The listing below holds pictures; exclude them. Return exactly the lines from the one with "Distribute is enabled" through the one with "Eserlerinde at derisini".

**Available records**
--- START ---

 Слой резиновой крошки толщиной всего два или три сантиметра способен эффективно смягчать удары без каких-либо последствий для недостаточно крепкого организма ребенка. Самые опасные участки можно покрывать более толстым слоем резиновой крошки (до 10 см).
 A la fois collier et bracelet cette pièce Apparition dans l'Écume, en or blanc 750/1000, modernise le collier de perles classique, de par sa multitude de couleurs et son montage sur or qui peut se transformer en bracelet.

--- END ---
--- START ---

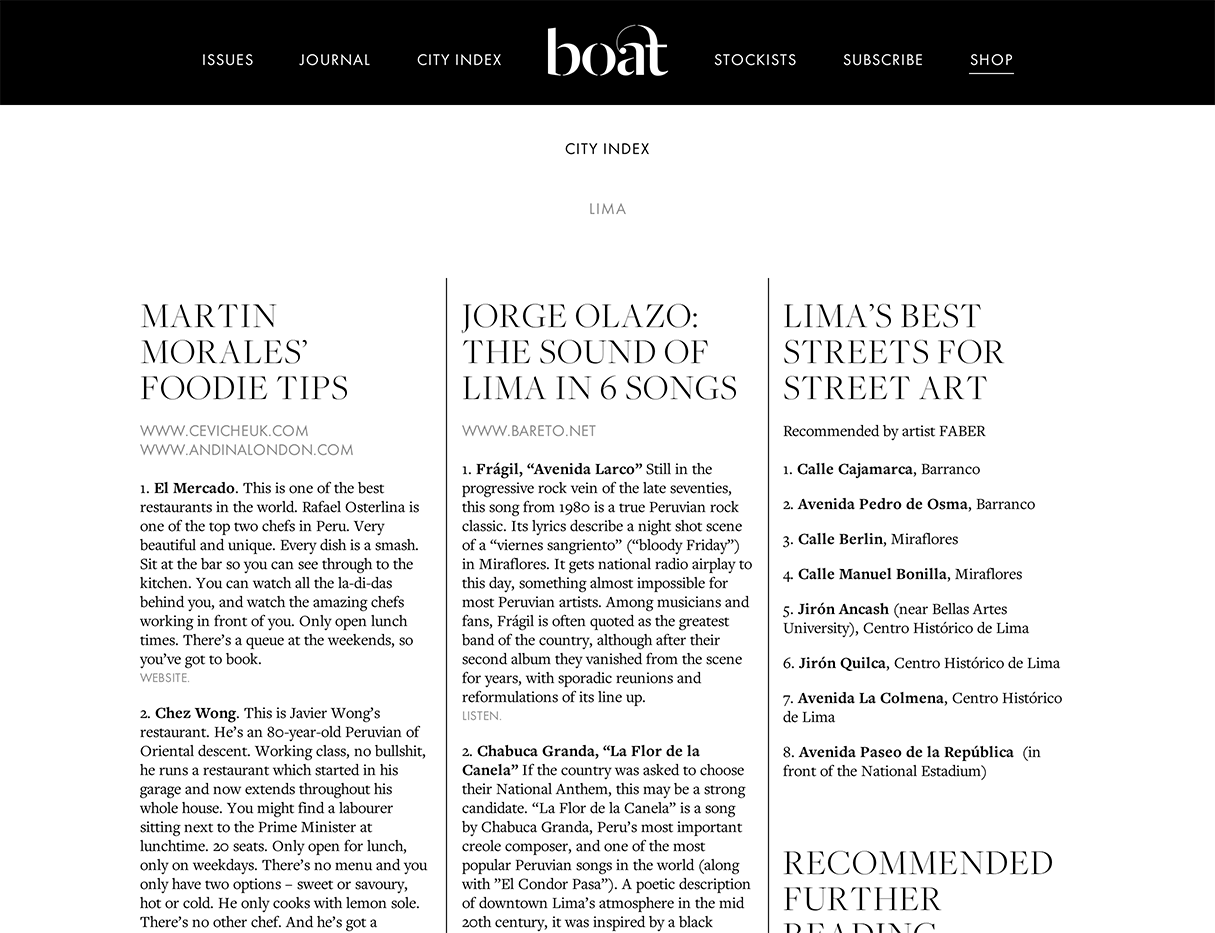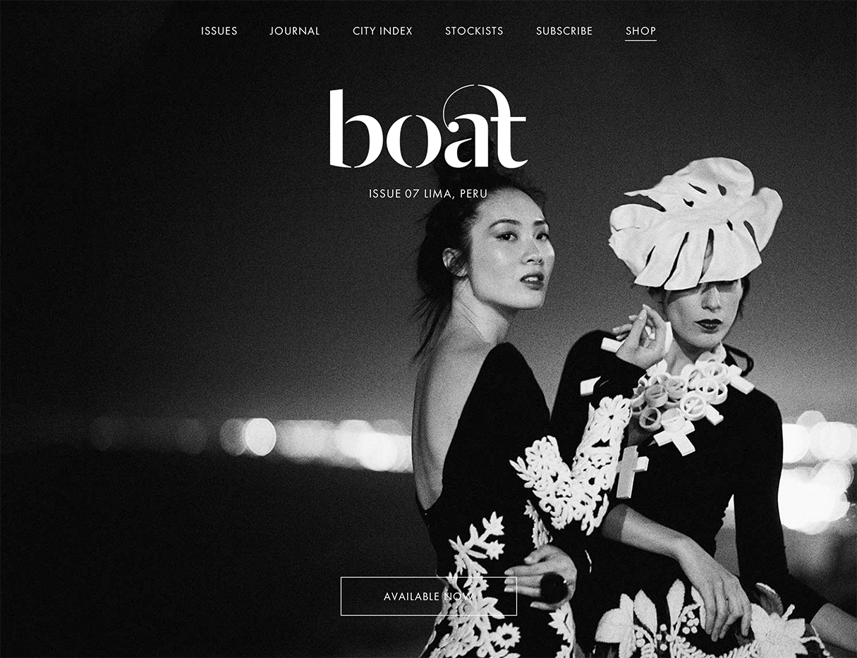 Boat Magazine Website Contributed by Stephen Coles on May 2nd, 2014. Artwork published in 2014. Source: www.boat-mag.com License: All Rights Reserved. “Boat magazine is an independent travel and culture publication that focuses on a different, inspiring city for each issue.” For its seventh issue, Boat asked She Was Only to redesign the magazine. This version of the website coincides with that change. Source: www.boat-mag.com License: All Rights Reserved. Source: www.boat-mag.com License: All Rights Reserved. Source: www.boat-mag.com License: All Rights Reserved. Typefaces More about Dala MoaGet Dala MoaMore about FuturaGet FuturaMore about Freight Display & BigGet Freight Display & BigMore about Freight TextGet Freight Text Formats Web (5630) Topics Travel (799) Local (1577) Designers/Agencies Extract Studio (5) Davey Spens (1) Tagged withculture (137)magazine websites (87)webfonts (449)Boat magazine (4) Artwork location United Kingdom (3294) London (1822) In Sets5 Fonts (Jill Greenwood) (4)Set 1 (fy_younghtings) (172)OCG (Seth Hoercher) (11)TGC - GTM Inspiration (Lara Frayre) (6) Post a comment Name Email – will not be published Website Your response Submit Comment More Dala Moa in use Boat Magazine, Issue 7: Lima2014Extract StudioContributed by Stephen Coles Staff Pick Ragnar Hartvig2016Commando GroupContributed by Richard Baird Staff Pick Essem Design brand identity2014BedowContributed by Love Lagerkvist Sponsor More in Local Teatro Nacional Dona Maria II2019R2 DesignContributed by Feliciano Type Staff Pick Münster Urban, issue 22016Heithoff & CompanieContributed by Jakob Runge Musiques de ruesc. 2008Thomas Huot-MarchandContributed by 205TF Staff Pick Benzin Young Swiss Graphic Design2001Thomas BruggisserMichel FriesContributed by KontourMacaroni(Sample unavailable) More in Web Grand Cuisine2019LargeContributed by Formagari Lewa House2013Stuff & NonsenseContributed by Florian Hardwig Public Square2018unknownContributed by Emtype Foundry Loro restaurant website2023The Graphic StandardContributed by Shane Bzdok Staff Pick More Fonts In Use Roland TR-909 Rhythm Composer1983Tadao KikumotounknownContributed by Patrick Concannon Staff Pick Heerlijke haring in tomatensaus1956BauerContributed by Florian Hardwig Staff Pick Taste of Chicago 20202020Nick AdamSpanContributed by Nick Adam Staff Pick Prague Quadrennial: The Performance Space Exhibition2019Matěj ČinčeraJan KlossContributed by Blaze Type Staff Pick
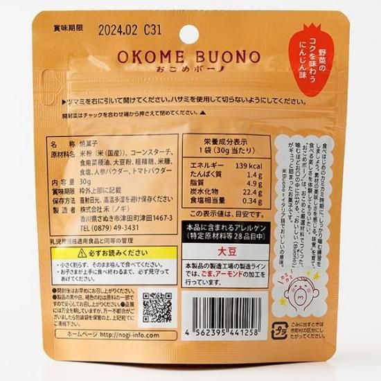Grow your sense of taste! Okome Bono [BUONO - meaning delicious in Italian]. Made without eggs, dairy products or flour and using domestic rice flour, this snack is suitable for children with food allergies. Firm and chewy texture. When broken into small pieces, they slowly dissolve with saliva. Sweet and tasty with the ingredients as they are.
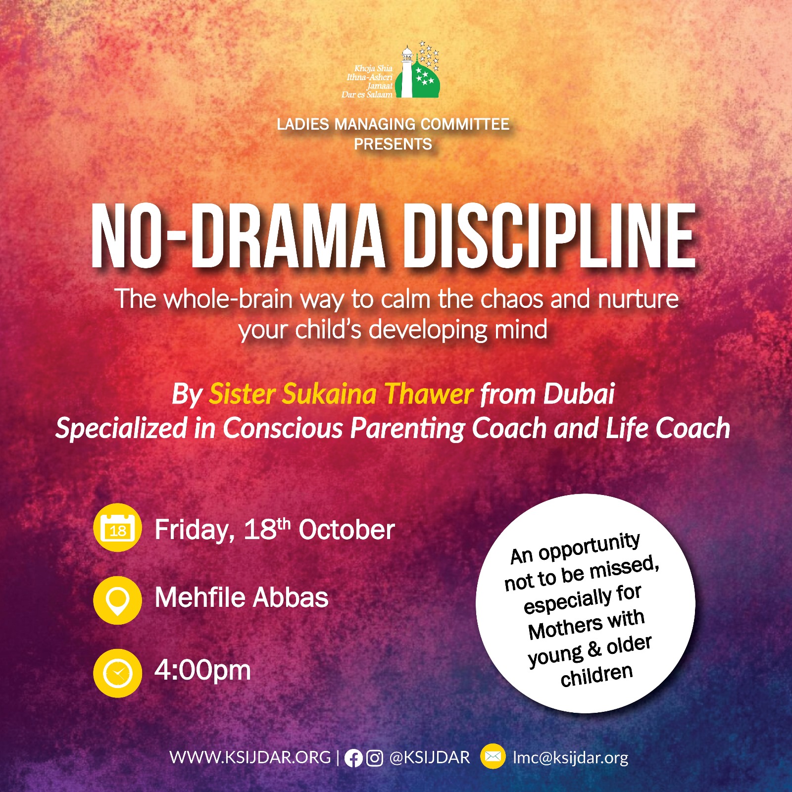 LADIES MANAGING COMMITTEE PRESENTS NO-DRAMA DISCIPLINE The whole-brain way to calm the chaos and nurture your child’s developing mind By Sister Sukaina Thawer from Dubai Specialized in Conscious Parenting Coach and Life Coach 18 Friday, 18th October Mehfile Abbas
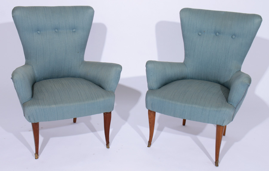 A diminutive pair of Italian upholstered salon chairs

--- END ---
--- START ---

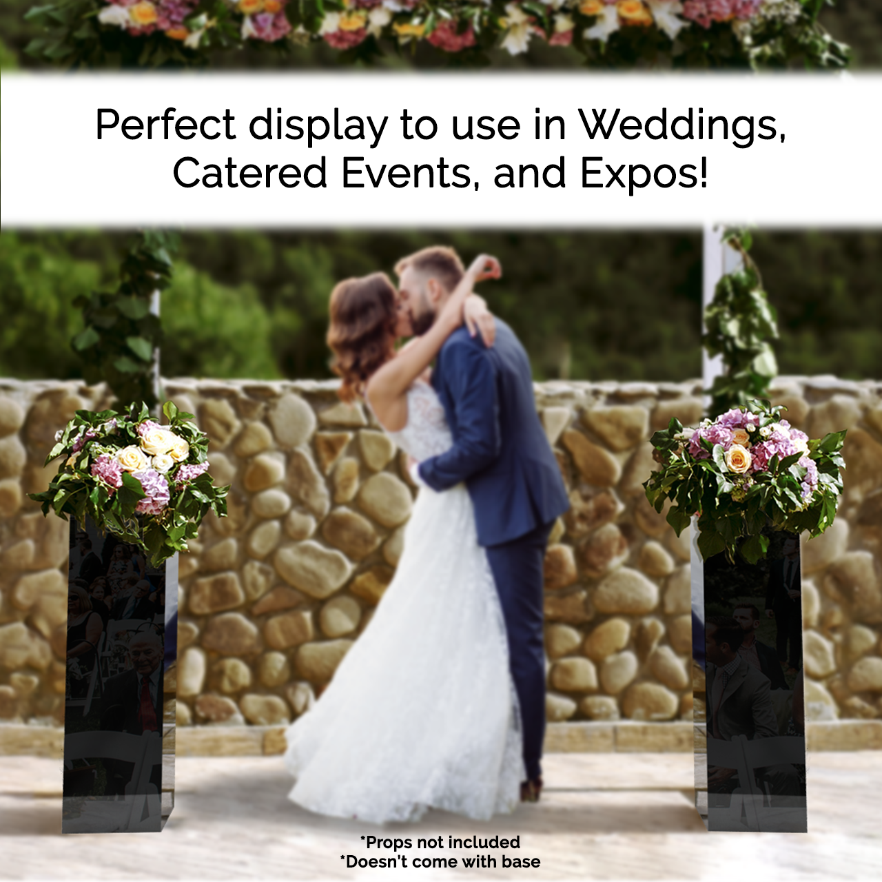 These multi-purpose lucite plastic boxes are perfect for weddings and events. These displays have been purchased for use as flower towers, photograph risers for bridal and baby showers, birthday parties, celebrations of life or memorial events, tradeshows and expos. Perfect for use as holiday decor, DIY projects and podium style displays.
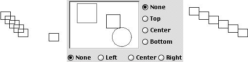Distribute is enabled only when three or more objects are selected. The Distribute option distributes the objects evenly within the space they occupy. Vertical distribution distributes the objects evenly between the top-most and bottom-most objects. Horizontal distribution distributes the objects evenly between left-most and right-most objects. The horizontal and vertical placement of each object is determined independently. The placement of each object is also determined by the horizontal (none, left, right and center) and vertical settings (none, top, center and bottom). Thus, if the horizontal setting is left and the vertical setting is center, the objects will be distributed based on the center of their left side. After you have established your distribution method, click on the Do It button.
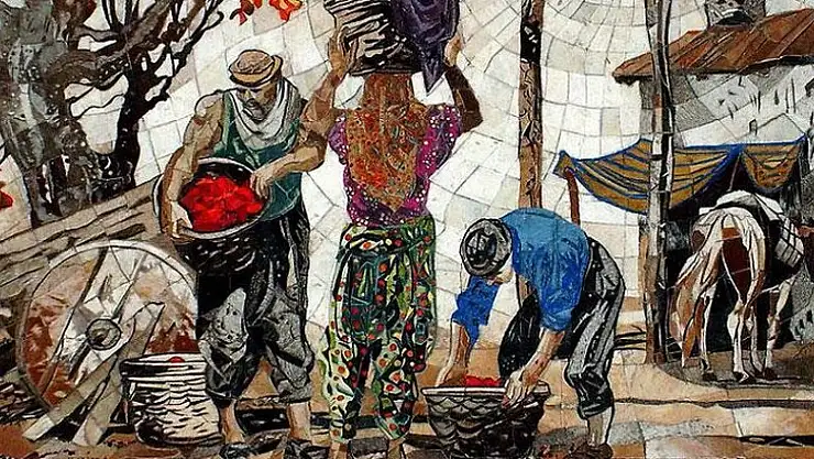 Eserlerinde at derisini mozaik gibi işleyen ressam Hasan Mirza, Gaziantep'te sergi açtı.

--- END ---

**Answer section**
Distribute is enabled only when three or more objects are selected. The Distribute option distributes the objects evenly within the space they occupy. Vertical distribution distributes the objects evenly between the top-most and bottom-most objects. Horizontal distribution distributes the objects evenly between left-most and right-most objects. The horizontal and vertical placement of each object is determined independently. The placement of each object is also determined by the horizontal (none, left, right and center) and vertical settings (none, top, center and bottom). Thus, if the horizontal setting is left and the vertical setting is center, the objects will be distributed based on the center of their left side. After you have established your distribution method, click on the Do It button.
 Eserlerinde at derisini mozaik gibi işleyen ressam Hasan Mirza, Gaziantep'te sergi açtı.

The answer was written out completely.